Patel Vishal, Wang Alan, Monk Andrew Paul, Schneider Marco Tien-Yueh
Auckland Bioengineering Institute, The University of Auckland, Auckland 1010, New Zealand.
Faculty of Medical and Health Sciences, The University of Auckland, Auckland 1010, New Zealand.
Bioengineering (Basel). 2024 Feb 15;11(2):0. doi: 10.3390/bioengineering11020186.
This study introduces a hybrid analytical super-resolution (SR) pipeline aimed at enhancing the resolution of medical magnetic resonance imaging (MRI) scans. The primary objective is to overcome the limitations of clinical MRI resolution without the need for additional expensive hardware. The proposed pipeline involves three key steps: pre-processing to re-slice and register the image stacks; SR reconstruction to combine information from three orthogonal image stacks to generate a high-resolution image stack; and post-processing using an artefact reduction convolutional neural network (ARCNN) to reduce the block artefacts introduced during SR reconstruction. The workflow was validated on a dataset of six knee MRIs obtained at high resolution using various sequences. Quantitative analysis of the method revealed promising results, showing an average mean error of 1.40 ± 2.22% in voxel intensities between the SR denoised images and the original high-resolution images. Qualitatively, the method improved out-of-plane resolution while preserving in-plane image quality. The hybrid SR pipeline also displayed robustness across different MRI sequences, demonstrating potential for clinical application in orthopaedics and beyond. Although computationally intensive, this method offers a viable alternative to costly hardware upgrades and holds promise for improving diagnostic accuracy and generating more anatomically accurate models of the human body.

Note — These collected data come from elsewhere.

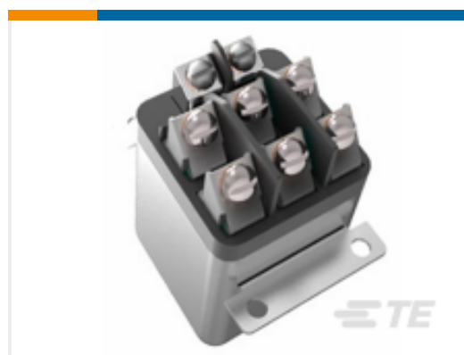
TE 产品编号1617807-5 FC-335-SY8= RELAY, 3PST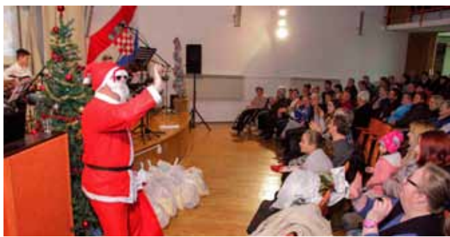
Veseli posjet Djeda Božićnjaka članovima Ivanečkog sunca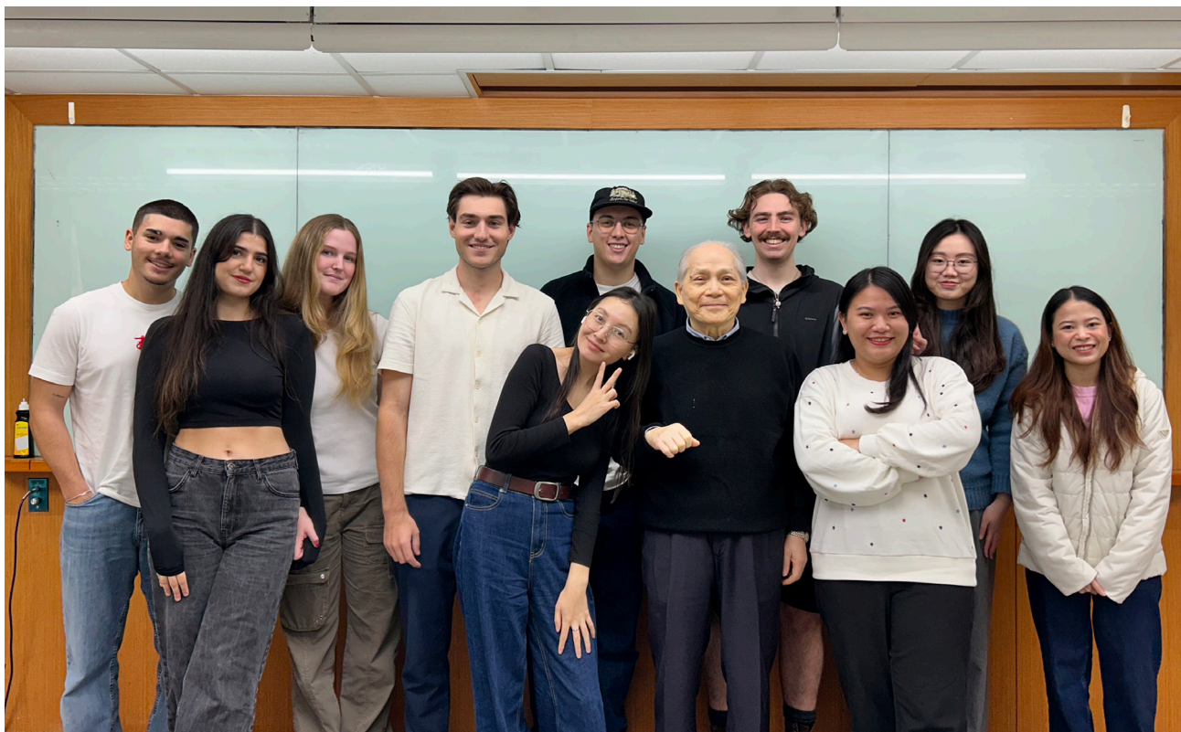
▲東吳商學院全英語碩士班國際商管學程，匯聚多國學生，在全英語授課環境中進行跨文化學習。

此外，為擴大學習機會，商學院也將 IEP 向下延伸，開放高三透過繁星或申請入學錄取的準大一新生參加。希望在不影響教學品質的前提下，協助更多學生提早銜接大學學習，縮短適應期，進一步強化英語能力。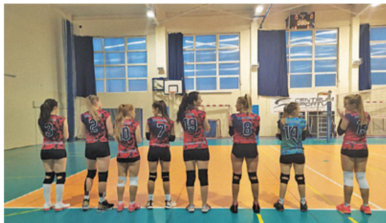
Zawodniczki UKS wygrały z rywalkami z dołu tabeli

Pierwszy set rozpoczął się od zwycięstwa siatkarek z Lesznowoli, które wygrały 25:14. W drugim secie mieliśmy identyczny wynik, aczkolwiek na korzyść Nadarzyn. W trzeciej odsłonie meczu wyraźną przewagę miały reprezentantki UKS Lesznowola, które zdołały zwyciężyć 25:18. W czwartym secie nie brakowało emocji. Przy stanie 24:20 wydawało się, że GLKS jeszcze spróbuje powalczyć o tie-breaka, ale wtedy zna-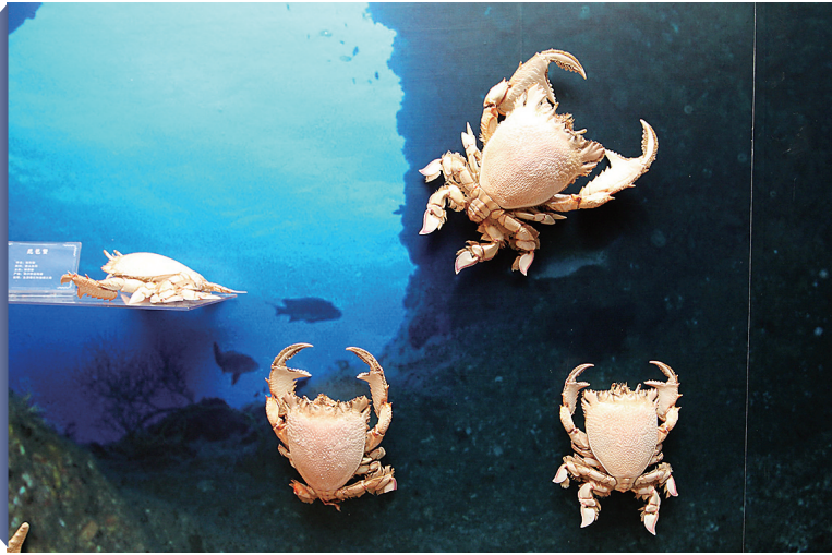
琵琶蟹标本。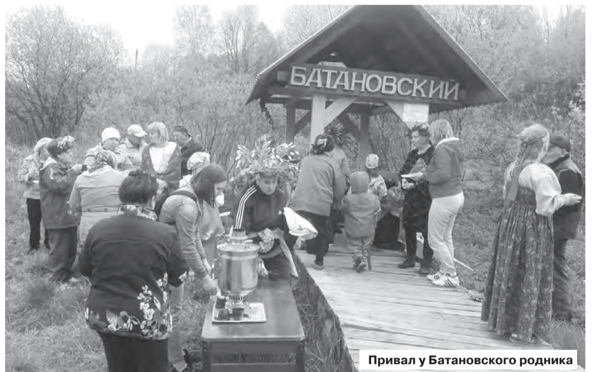
Привал у Батановского родника

КАТАНИЕ НА ЛОШАДЯХ И ПОНИ, АТТРАКЦИОНЫ, ФОТОЗОНА, КОНКУРСЫ, АКВАГРИМ, ШАШЛЫК, ПЛОВ, САХАРНАЯ ВАТА. С 11 ЧАСОВ ПРОДАЖА САЖЕНЦЕВ.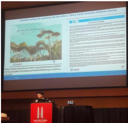
Bild 4 Bibliotekarie från Colombia

Färgerna, dofterna, ljuden, människorna, byggnaderna och värmen var som en explosion. Jag blev helt betagen i denna underbara huvudstad. Och trots att jag inte kände någon var jag aldrig ensam. Folk på gatan pratade med en och på själva IFLA-konferensen förstås. På själva konferensen var det lite förvirrat, det fanns ju så många intressanta samtal att lyssna på och så många människor att prata med. Men eftersom jag inte kunde gå på allt valde jag några föreläsningar (eller sessioner som det kallas) som fängade mitt intresse: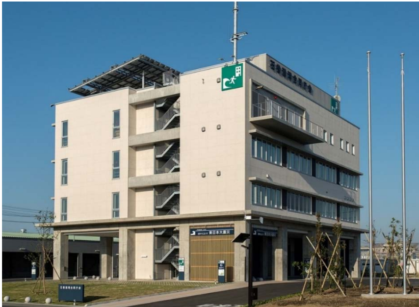
石巻港湾合同庁舎(国施設/平成26年5月完成)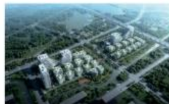
上海宝山MAX科技园项目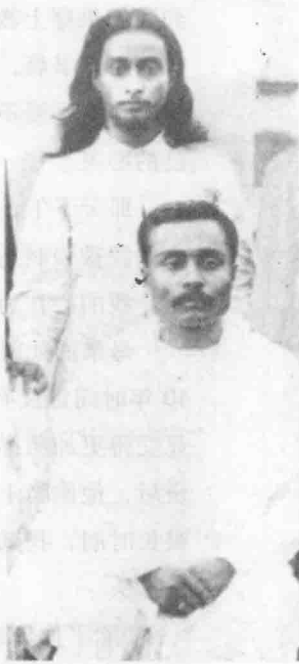
尤迦南达与哥哥在一起

当我们到达加尔各答的家时，只看到神秘的令人震惊的死亡场景。我一下子就垮掉了，几乎昏厥过去。许多年过去后，我心里才勉强接受了这个事实。在天堂的门口，我的大声号哭最后惊动了圣母。她的话语最终治愈了我溃烂的伤口。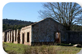
Esta construcción era el antiguo taller de las locomotoras. Detrás, podemos ver una gran elevación: son escombreras de la mina

El principio (ver [1] en el mapa) y al final de este sendero discurren por el antiguo trazado del ferrocarril que llevaba el mineral de la mina del Cerro del Hierro hasta el puerto de Sevilla, donde se embarcaba para llevarlo a Escocia. Junto a este trazado, hoy recuperado para su uso turístico y deportivo como Vía Verde, se conservan restos de las antiguas construcciones de la mina y del ferrocarril: almacenes, talleres, cargaderos, puentes y el poblado mismo del Cerro del Hierro, donde vivían las familias de los trabajadores de la mina.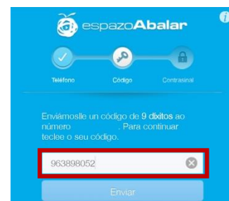
Paso 2, inserimos código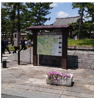
案内板等整備事業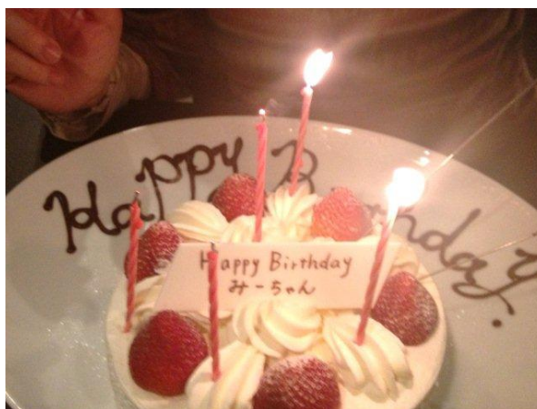
小学校の時の呼び名「みーちゃん」と書かれたプレートが、泣かせますw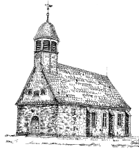
Kirche Alt Wallmoden

(Ev. Jugend Alt Wallmoden/ Upen/Ringelheim) Goslarsche Str. 38 38259 Ringelheim Tel.: 05341 / 33295 Fax.: 8335015 Mail: Karsten@ejwau.de Webseite: www.ejwau.de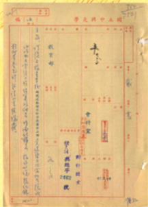
司令台及看台建築工程。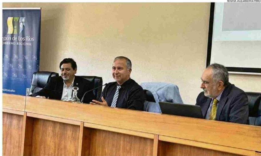
PANEL DE LA AGRUPACIÓN DE UNIVERSIDADES REGIONALES FUE PARTE AYER DEL ENCUENTRO DE CONSEJEROS REGIONALES.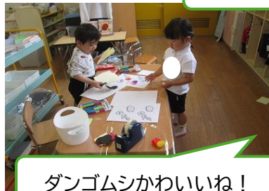
ダンゴムシかわいいね！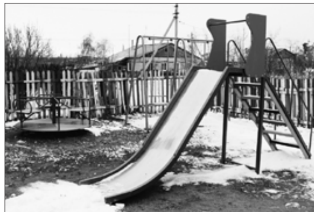
Детская площадка в селе Городище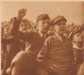
Die Berner Buben waren auch tüchtig bei der Sache. Sie schimpften, wenn etwas fehlging und schrien, wenn's geriet. «D'Schwiz isch guet», meinten sie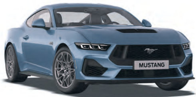
VAPOR BLUE - LAKIER METALIZOWANY SPECJALNY 6 200,-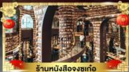
ร้านหนังสือจงซูเก๋อ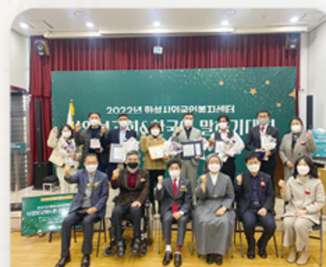
사업보고회 단체사진 촬영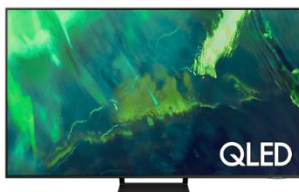
LED Bildschirm, Samsung 4K Q LED TV 65"

Wir setzen diese Geräte oft an Messen oder Liveübertragungen, wie z.B. WM oder EM ein. Satte Farben, fließende Bewegungen und ein toller Kontrast sind bei diesem 4K tauglichen Flatscreen in beispiellosem Fernsehgenuss vereint.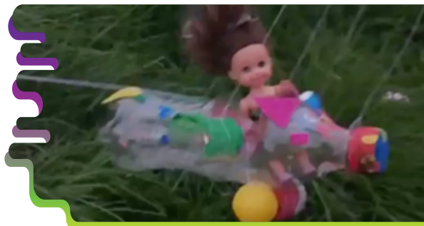
Figura 6. Fotograma del Stop motion con juguete realizado por la estudiante. Encalada (2020).

En esta otra imagen, se observa el trabajo de la estudiante Gabriela Encalada donde el juguete que elaboró “vuela” animado por la técnica del stop motion .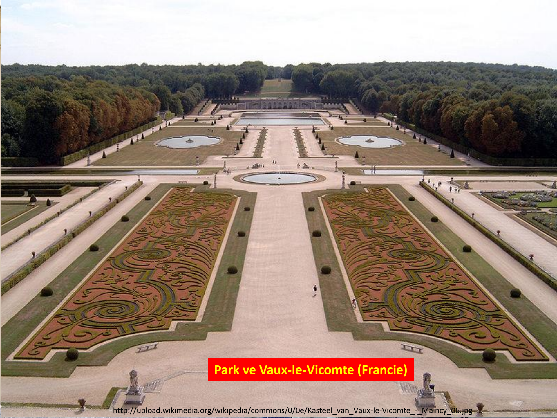
Park ve Vaux-le-Vicomte (Francie)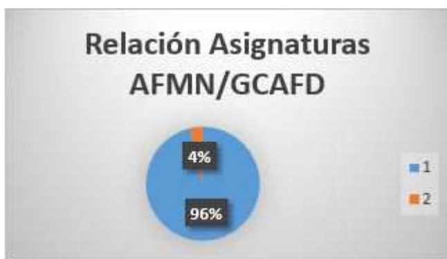
Gráfico 2: Relación asignaturas de Grado con asignaturas obligatorias relacionadas con AFMN

Analizando los planes de estudio publicados en la web de las diferentes universidades públicas andaluzas donde se imparte el Grado en CCAFYD, de las 283 asignaturas que se ofertan solo 28 (9.9%) están relacionadas con la AFMN, de las cuales 17 se ofertan como asignaturas optativas y 11 como obligatorias. En esta clasificación se incluyen asignaturas relacionadas con la gestión de actividades en el Medio Natural como por ejemplo “Creación y Gestión de Empresas de Turismo Activo (Universidad de Huelva)” o “Dinamización y Recreación: Sector Turístico y Espacios Naturales (Universidad de Cádiz)”.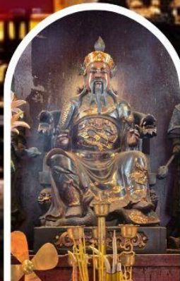
วัดปักไต้ เสริมโชคกลางนำความรุ่งเรืองทุกด้านของชีวิต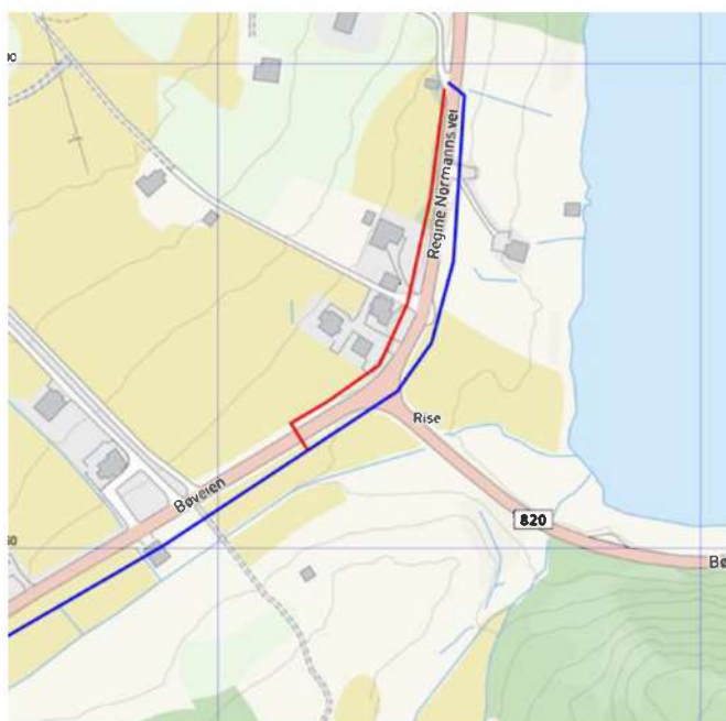
Bildet 4 -2 alternativer for trasevalg

Oppstartsmøte med befaring ble gjennomført 8.mai 2019. Gang- og sykkelvei trase avmerket med blå strek er foreslått fra Bø kommune.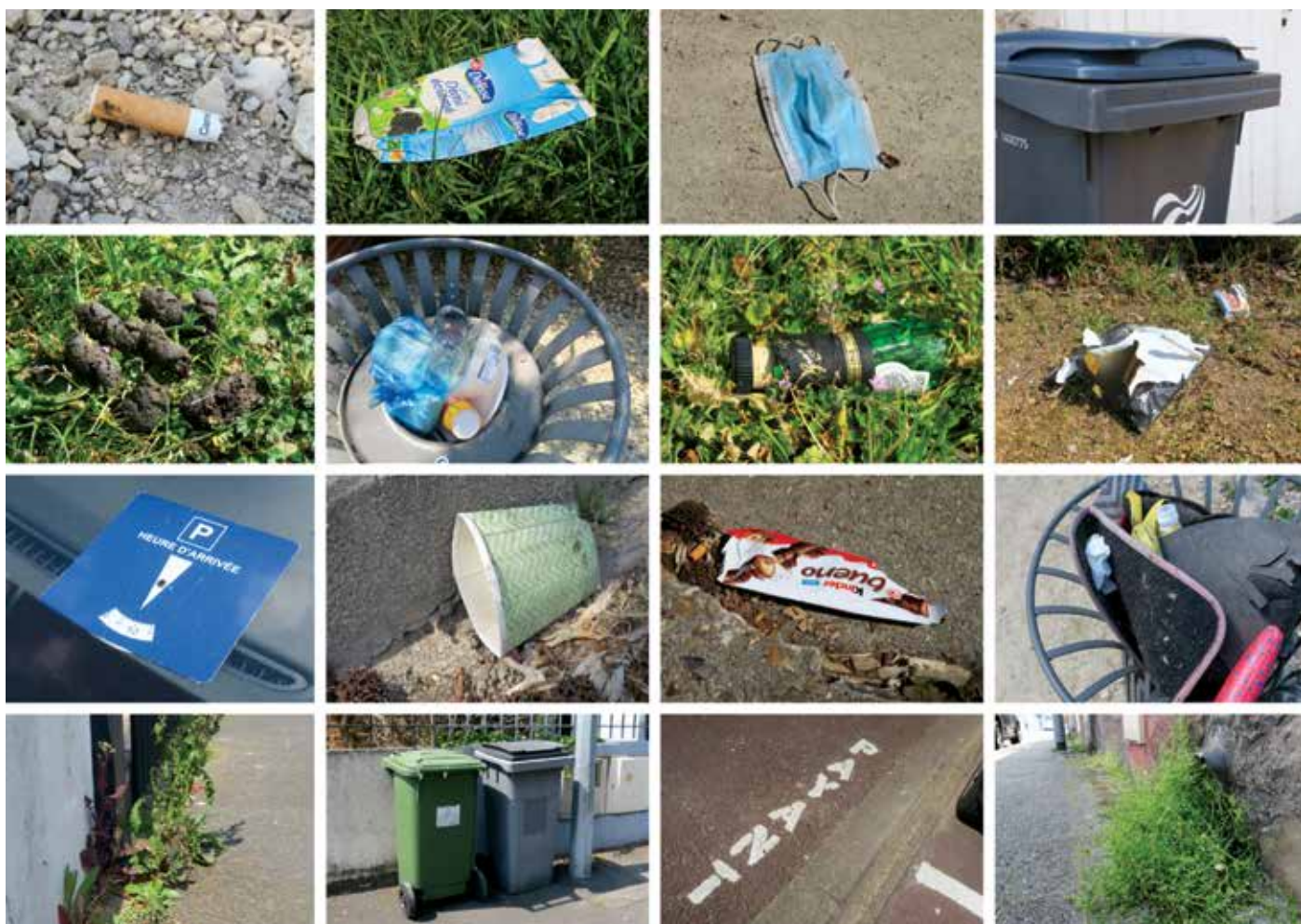
Photos prises le 22 avril dans différents quartiers de la ville

本研究介绍了一种混合分析超分辨率(SR)流程,旨在提高医学磁共振成像(MRI)扫描的分辨率。主要目标是克服临床MRI分辨率的局限性,而无需额外的昂贵硬件。所提出的流程包括三个关键步骤:预处理,对图像堆栈进行重新切片和配准;SR重建,将来自三个正交图像堆栈的信息组合起来,以生成高分辨率图像堆栈;以及后处理,使用伪影减少卷积神经网络(ARCNN)来减少SR重建过程中引入的块状伪影。该工作流程在使用各种序列以高分辨率获得的六个膝关节MRI数据集上得到了验证。对该方法的定量分析显示了有前景的结果,在SR去噪图像和原始高分辨率图像之间的体素强度平均平均误差为1.40±2.22%。定性地说,该方法提高了平面外分辨率,同时保留了平面内图像质量。混合SR流程在不同的MRI序列中也表现出稳健性,展示了在骨科及其他领域临床应用的潜力。尽管计算量很大,但该方法为昂贵的硬件升级提供了一种可行的替代方案,并有望提高诊断准确性和生成更符合人体解剖结构的模型。